В стихотворении «Два взора» («Кормчие звезды», 1903) Вячеслав Иванов как бы познакомил стихотворение Фета с продолжением того философского стебля, боковым побегом которого оно было. «Два взора» сочетают отрицательный инфинитив (не родиться), совпадающий с фетовским, с мифологической аллегоризацией природы и характерной апострофой (Ты скажешь:) у Тютчева:
Высот недвижные озера –
Отверстые зеницы гор –
Мглой неразгаданного взора
Небес глубокий мерят взор.
Ты скажешь: в ясные глядится
С улыбкой дикою Сатир, –
Он, тайну Мойр шепнувший в мир,
Что жребий лучший – не родиться.
Иванов снабдил эти стихи примечанием, в котором сослался на «известный рассказ Аристотеля у Плутарха, ad. Apoll, 27, о Силене (он же, по позднейшим представлениям, – Сатир), пойманном Мидасом и против воли открывшем царю, что наилучший жребий – не родиться на свет, а следующий за ним – вскоре по рождении умереть» [Иванов 1903: 366]. Ссылка на Плутарха играет не столько пояснительную, сколько отвлекающую роль, маскируя настоящий источник вдохновения Иванова – «Рождение трагедии» Ницше, где ответ Силена Мидасу представлен как квинтэссенция исконно пессимистического духа эллинов. Описывая данный эпизод, Ницше [1990: I, 66–67] упоминает раскатистый хохот Силена (→ улыбка дикая Сатира), а чуть ниже, в ряду «мифических примеров», порожденных «философией лесного бога», – безжалостно царящую над всем познанным Мойру (→ тайна Мойр). Оба эти мотива отсутствуют и в «Утешении к Аполлонию» (откуда Ницше взял такую деталь, как упорное молчание Силена, который лишь по принуждению в конце концов отверзает уста), и в «Пестрых рассказах» (3. 18) Элиана, где, со ссылкой на Феопомпа, тоже повествуется о беседе Мидаса с Силеном (но Силен открывает Мидасу совсем другие тайны).

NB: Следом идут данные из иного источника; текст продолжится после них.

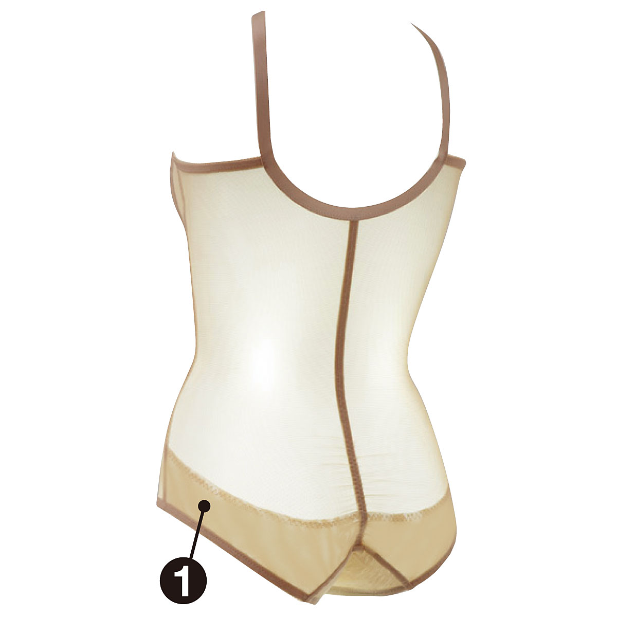 ノンワイヤーの額縁カップでバストすっきり。若々しいボディラインに整えるボディスーツ 色違い2枚組セットA(ペールモーヴ)色違い2枚組 着用例

1.1.2. Ничем принципиально не выделяясь среди других многочисленных свидетельств пессимистического мироощущения древних греков, «Силенова мудрость», однако, явилась их наиболее емким, клишированным выражением[290]. В восприятии Шопенгауэра, Фета и русских символистов классическая сентенция, разумеется, накладывалась на ее переработку позднейшей интеллектуальной традицией, выражая базисную для всех эсхатологических учений идею первородного греха и представление о рождении как понесенной за этот грех каре и о земной жизни как о длящемся наказании. Метафора земной жизни как тюремного наказания за априорно преступное рождение была смоделирована буквально в драме Кальдерона «Жизнь есть сон», ценимой Шопенгауэром[291], а в век романтизма – в поэме Виньи «Тюрьма» (1821); в русской поэзии она варьировалась от Лермонтова[292] до Минского[293].
Восприятие мира как тюрьмы, всем памятное по беседе Гамлета с Розенкранцем, разрабатывалось поэтами двояко. В одном случае мобилизовалась идея верховного существа как вселенского тюремщика, подобного гностическим архонтам. Соответственно, «архетип всевидящего (или всезнающего) “солнечного ока” диаволизир[овался], становясь каким-то божественным “вуайеризмом”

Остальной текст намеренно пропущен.